Барабанщики выбили дробь, приказный зачитал именной указ: «Долгоруковым Александру, за происшедшие от него в бытность в ссылке в городе Березове важные злодейственные непристойные слова, и князю Николаю, что он, слыша о тех словах от брата своего князя Ивана, не донес и о том умолчал, учинить обоим публично в Тобольске жестокое наказание: бить кнутом и, урезав у них языки, сослать в работу, вечно: Александра в Камчатку, Николая в Охотск».
Первым на помост вывели Александра. Сняли с него рубаху, открыв ахнувшей публике длинный рваный шрам на животе. Попытка наложить на себя руки не удалась, его выходил лекарь из шведов, а солдаты прозвали «князь с поротым брюхом». Пока его привязывали к столбу, Александр озирался вокруг затравленным зверем. Подошел палач с щипцами и ножом. Толпа охнула, затопталась, загомонила, но увидеть ничего не удалось, только краткий сдавленный крик – и рот уже замотан белым платком, на котором быстро расплывается алое пятно. Свист кнута, мычащее дергающееся тело… Снова барабанная дробь; двое солдат отвязывают и уносят одного, двое других привязывают следующего…

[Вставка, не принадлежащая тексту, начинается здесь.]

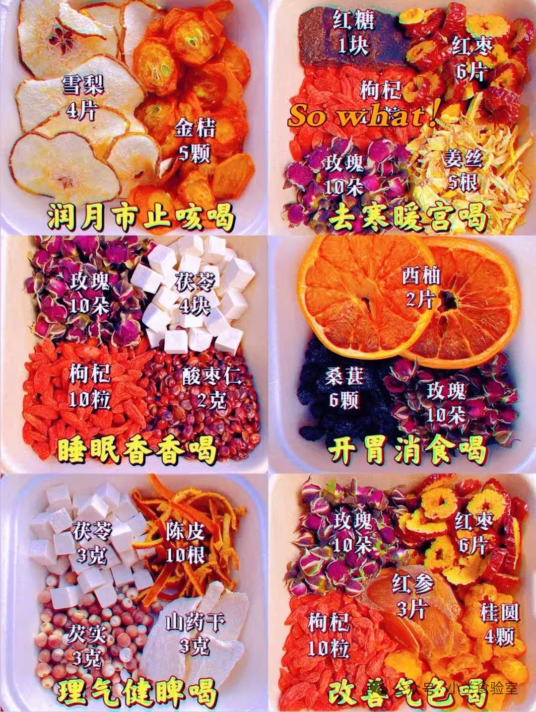 配方:重瓣紅玫瑰3g(約10朵)、紅棗干6g(約6片)、紅參片1g(約3片)、枸杞5g(約10粒)、桂圓乾4g(約4顆)
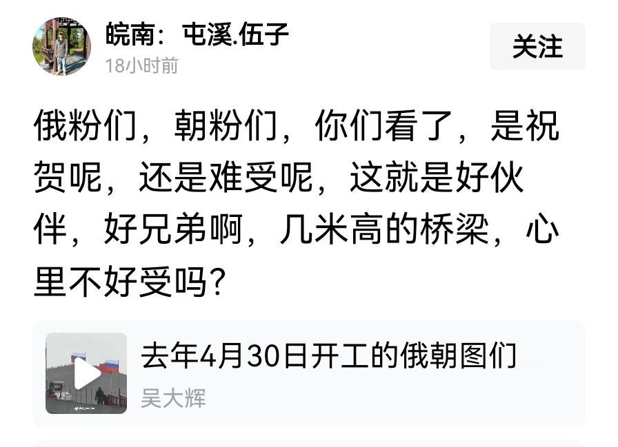 我们只适合和俄、朝提什么无上线,全天候,牢不可破,背靠背、万年长。绝不可提桥高、桥低伤感情的事。

В Тобольске еще не знали, что подписавшая указ государыня Анна Иоанновна месяц как скончалась. Милостивое распоряжение Анны Леопольдовны – «от означенных экзекуций оных Долгоруковых помиловать и того им не чинить» – доставили слишком поздно. Из Сибирской губернской канцелярии отправили репорт о том, что наказание учинено, а живы ли ныне оные Долгоруковы или из них кто умер, известий не имеется. Брат же их Алексей отправлен матросом в Камчатскую экспедицию.
Шуршат полозья по накатанному снегу, быстро летит возок, проплывают мимо верстовые столбы. День ясный, морозный; морды лошадей белые от инея, пар валит из ноздрей. Ямщик на них покрикивает, но редко: студеный воздух режет горло, как стеклом. Седоки укрылись медвежьей полстью, но все равно холодно. Однако Екатерина с возмущением отталкивает офицера, когда тот начинает к ней прижиматься.
Тяжела была жизнь в Березове, а оказалось, что то горе – еще не горе. Сестер Долгоруковых и Алексея привезли в Тобольск, отобрав у них все, кроме медной и оловянной посуды да платья в обрез; людей их дворовых отпустили на волю и разослали по сибирским городам, разрешив девкам выйти замуж за местных жителей. Алексею предстоял дальний путь в Большерецкий острог, на двадцать копеек в день, а сестрам – в монастыри: Елене – в Тюменский Успенский, Анне – в Верхотурский Покровский, а Екатерине – дальше всех: в Томск, за тысячу шестьсот верст.